- 
                Notifications
    
You must be signed in to change notification settings  - Fork 25
 
Description
A protobuf encoded Substrait plan contains function and type anchors, which are used to reference functions and types within a plan. The usage of these anchors improves plan readability by avoiding the need to inline functions and types everywhere in the plan. They may also, potentially, help reduce plan size if a function is use multiple types in a plan. These are good optimization for the serialization format.
In substrait-go, ScalarFunctions, AggregateFunctions, WindowFunctions structs contain both an anchor AND a reference to the underlying function variant, which effectively capture the same information (i.e. What specific function is this?).
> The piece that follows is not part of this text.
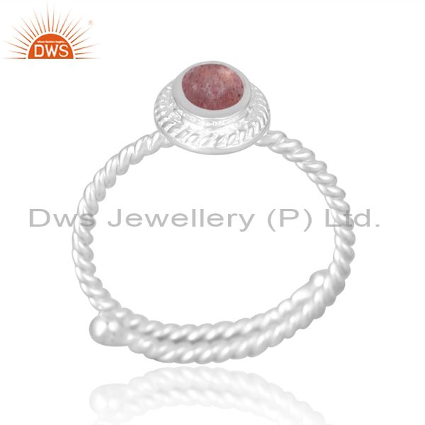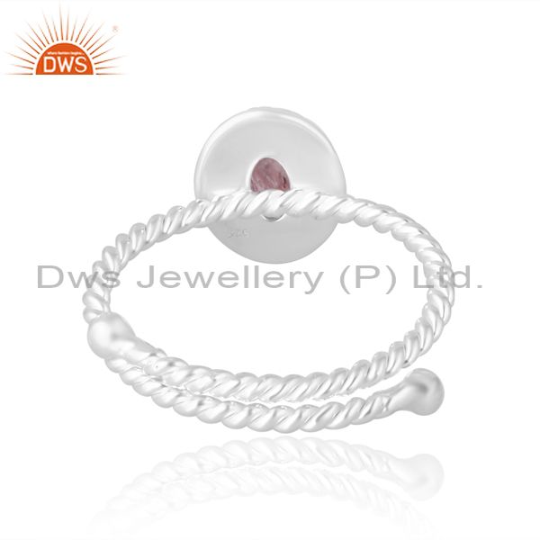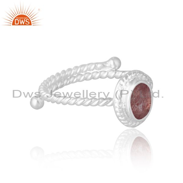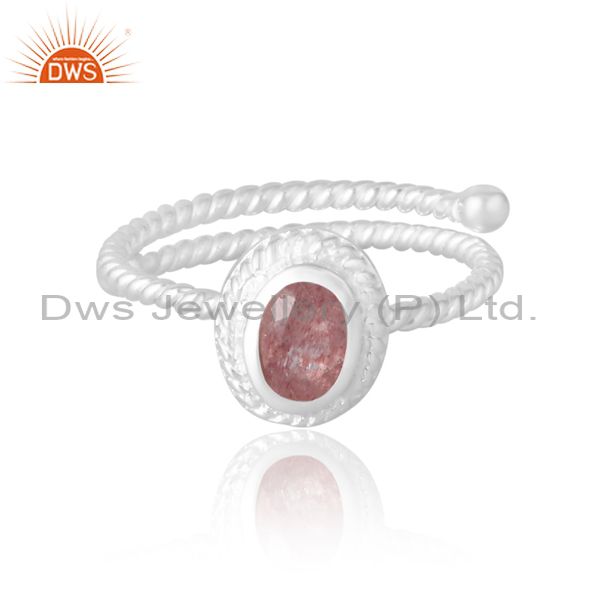 Bani Wire Thin Silver Ring With Oval Strawberry Women

The UserDefinedType struct does not contain an inlined type definition, so it is only meaningful when paired with a struct implementing the Set interface, which maps anchors to types. As a result, when working with or processing types in substrait-go we must always have access to Set. This is easily overlooked. For example, the underlying issue in #147 was that the ResolveType method didn't have access to a or use a Set to register user-defined types when handling functions that returned user-define types.
One way to address this would be to fully inline a type definition into the UserDefineType struct, like we do for functions. We should do this, but then we should go further. A question to ask ourselves here is, why do we even need the anchors at the library-level? The anchor is redundant information except when we are serializing functions and deserializing information. We are carrying this extra bit of information through all the system that's only needed for serde, and periodically we shoot ourselves in the foot because we fail to update it.
What we could do instead is fully remove the anchors from the substrait-go domain model and make them purely a deserialization and serialization concern. Effectively, when converting a protobuf plan to its Go representation we use the anchors in the protobuf plan to look up the associated function and user-defined types and inline full definitions into the Go plan. When converting from a Go plan to protobuf Plan, we can generate anchors dynamically when we process functions and user-defined types. This is effectively the strategy used by substrait-java in its ProtoPlanConverter and PlanProtoConverter.
This approach allows us to isolate the usage of anchors to the serde domain, and keep the pure Go API simpler.